When you are candid, you are telling people that you trust them and that there is nothing to fear. To confide in employees is to give them a sense of ownership over the information.

“The people at Pixar have been extremely good at keeping secrets, which is crucial in a business whose profits depend on the strategic release of ideas or products when they are ready and not before. Since making movies is such a messy process, we need to be able to talk candidly, among ourselves, about the mess without having it shared outside the company. By sharing problems and sensitive issues with employees, we make them partners and part owners in our culture, and they do not want to let each other down.

Your employees are smart; that’s why you hired them. So treat them that way. They know when you deliver a message that has been heavily massaged. When managers explain what their plan is without giving the reasons for it, people wonder what the “real” agenda is. There may be no hidden agenda, but you’ve succeeded in implying that there is one. Discussing the thought processes behind solutions aims the focus on the solutions, not on second-guessing. When we are honest, people know it.

Rather than trying to prevent all errors, we should assume, as is almost always the case, that our people’s intentions are good and that they want to solve problems. Give them responsibility, let the mistakes happen, and let people fix them. If there is fear, there is a reason — our job is to find the reason and to remedy it. Management’s job is not to prevent risk but to build the ability to recover.
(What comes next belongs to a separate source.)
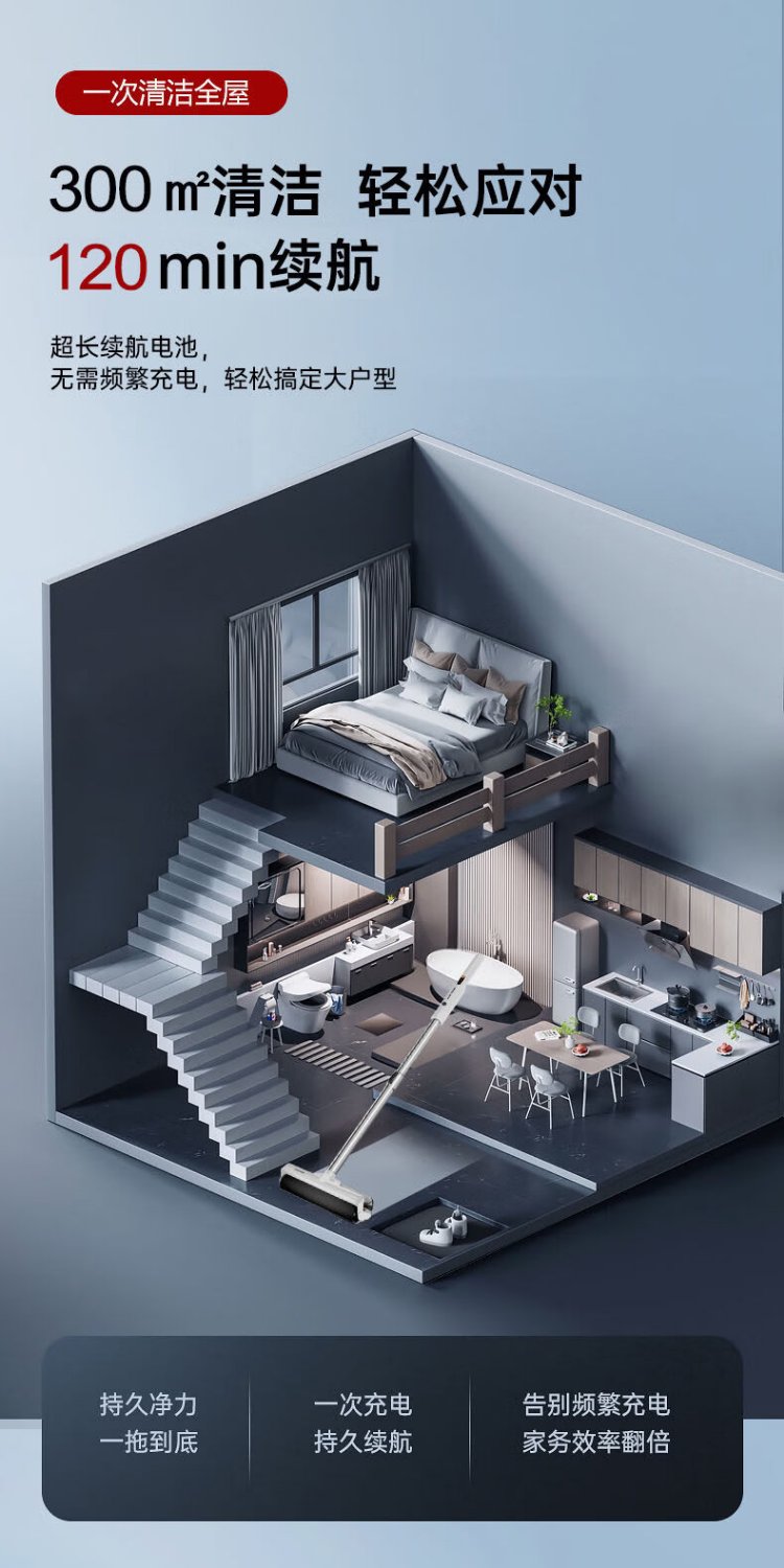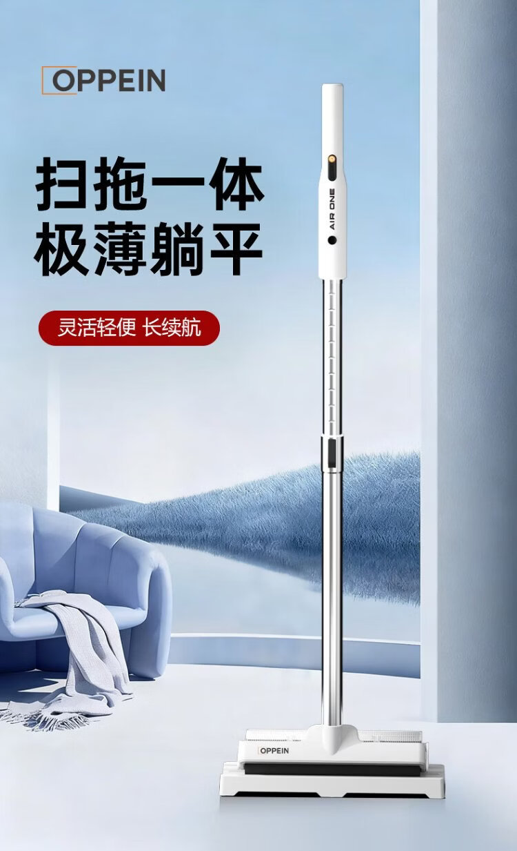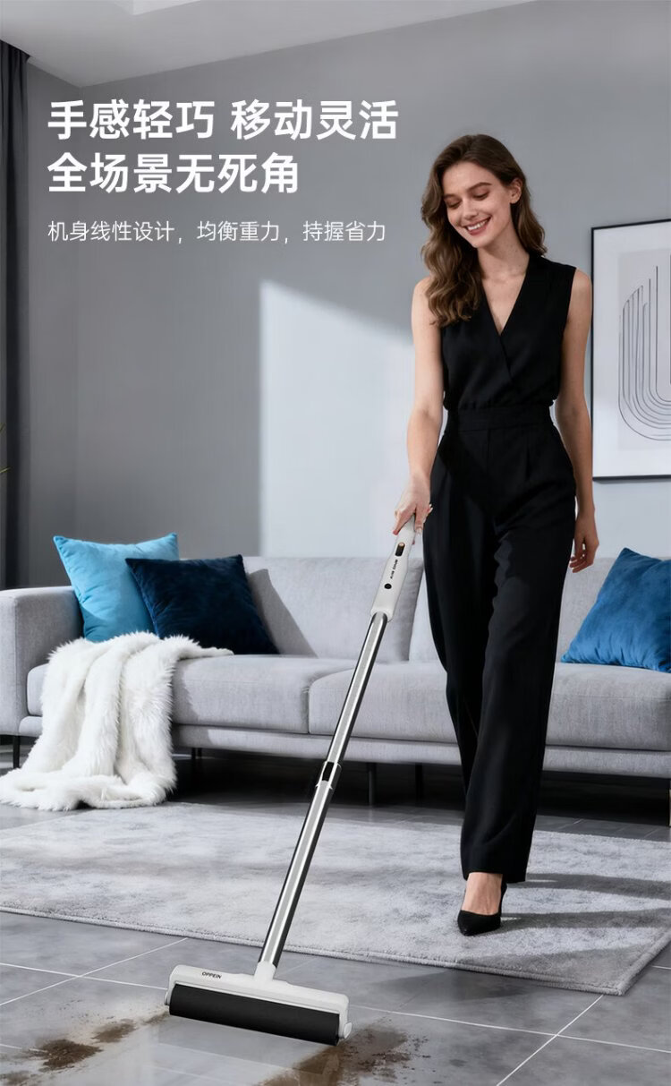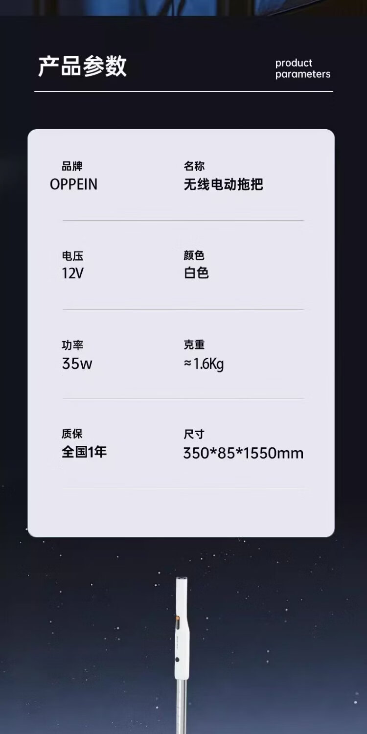 Oppein wireless electric mop, wash and mop all-in-one, hand-wash-free, portable household floor scrubber, three-in-one household lightweight sweeping mop, long-lasting floor scrubber 25 upgraded wireless electric mop (white simple model)

Chapter 7 — The Hungry Beast and the Ugly Baby

“The only thing it didn’t do was transform our production process. My conclusion at the time was that finalizing the story before production began was still a worthy goal — we just hadn’t achieved it yet. As we continued to make films, however, I came to believe that my goal was not just impractical but naïve. By insisting on the importance of getting our ducks in a row early, we had come perilously close to embracing a fallacy. Making the process better, easier, and cheaper is an important aspiration, something we continually work on — but it is not the goal. Making something great is the goal.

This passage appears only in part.